Fox despertó, sobresaltado. Como siempre, estaba soñando.
En el sueño, un sol abrasador le quemaba la espalda. Durante meses se preguntó si ese sol habría vuelto loco a alguien. Pero él quería estar allí. Quería hacer aquello.
Los últimos días había estado apartando escombros, intentando reconstruir una escuela. Ésa fue la razón para que alistarse en el ejército. En casa, no podía enseñarle historia a los niños todos los días y hablar de lo que significaba ser un héroe sin pensar que ya era hora de que él hiciera algo.
La otra razón eran los niños. Tener la oportunidad de reconstruir hospitales y colegios le hacía pensar que esos niños tendrían la oportunidad de vivir en un mundo mejor.
Y por eso precisamente no dudó en inclinarse cuando aquel niño se acercó. Fox le ofreció una chocolatina, un yo-yo. Conocía el idioma, y por eso había terminado allí. Y el niño de los grandes ojos castaños parecía hambriento y desesperado.
Que el niño llevara una bomba adosada al cuerpo no se le pasó por la cabeza. Nunca. Ni por un segundo. Ni siquiera cuando estalló… y él salió volando, tijeras y trozos de metal clavados por todo su cuerpo. Y el niño, ese niño…
Y fue entonces cuando Fox despertó. Cuando siempre despertaba. Para entonces, estaba tan desorientado como un cura en un burdel.
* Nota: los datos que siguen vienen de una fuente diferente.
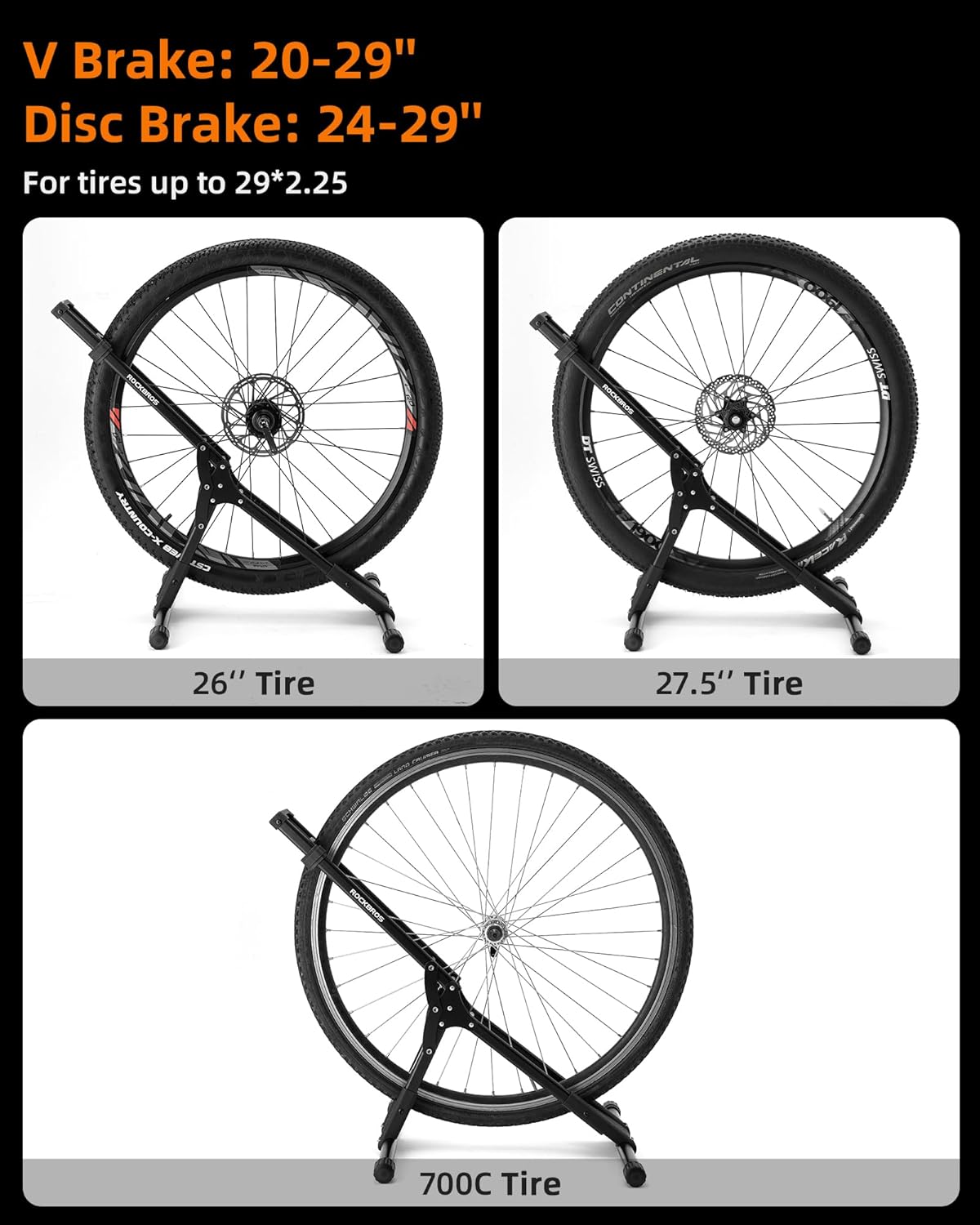 ROCKBROS Indoor Bike Stand for Storage, Garage – Floor Stand for 20-29” Mountain & Road Bikes

Pero allí había algo raro.
No estaba en el sofá de piel donde dormía siempre. Parecía estar sobre algo mullido, envuelto en una sabana. Todo era blanco a su alrededor, excepto una planta que había en la ventana. También había una bañera en medio de la habitación y, en una esquina, bolsas de cemento y ladrillos. Además, olía a limón, a hierbas y a otro olor, algo que no podía identificar del todo, algo vago y fresco, floral…
Ella.
En cuanto volvió la cabeza vio a Phoebe. Como siempre, cada vez que despertaba de aquel sueño, el dolor de cabeza había desaparecido por completo y sus sentidos estaban muy despiertos.
También se dio cuenta entonces de que estaba desnudo bajo la sábana… y duro como una piedra. Sólo con mirarla le pasaba eso.
Ella estaba sentada en una mecedora blanca. Todas las persianas de la habitación estaban bajadas, pero entraba el sol por una rendija, sólo para iluminarla, sólo a ella. Sus piernas desnudas estaban sobre el brazo de la mecedora y eso fue suficiente para inspirar otro golpe de testosterona. Tenía los pies sucios y llevaba un pantalón corto.
En una mano tenía una taza, un libro en la otra. Vagamente recordaba que cuando llegó llevaba una coleta, pero se había soltado el pelo.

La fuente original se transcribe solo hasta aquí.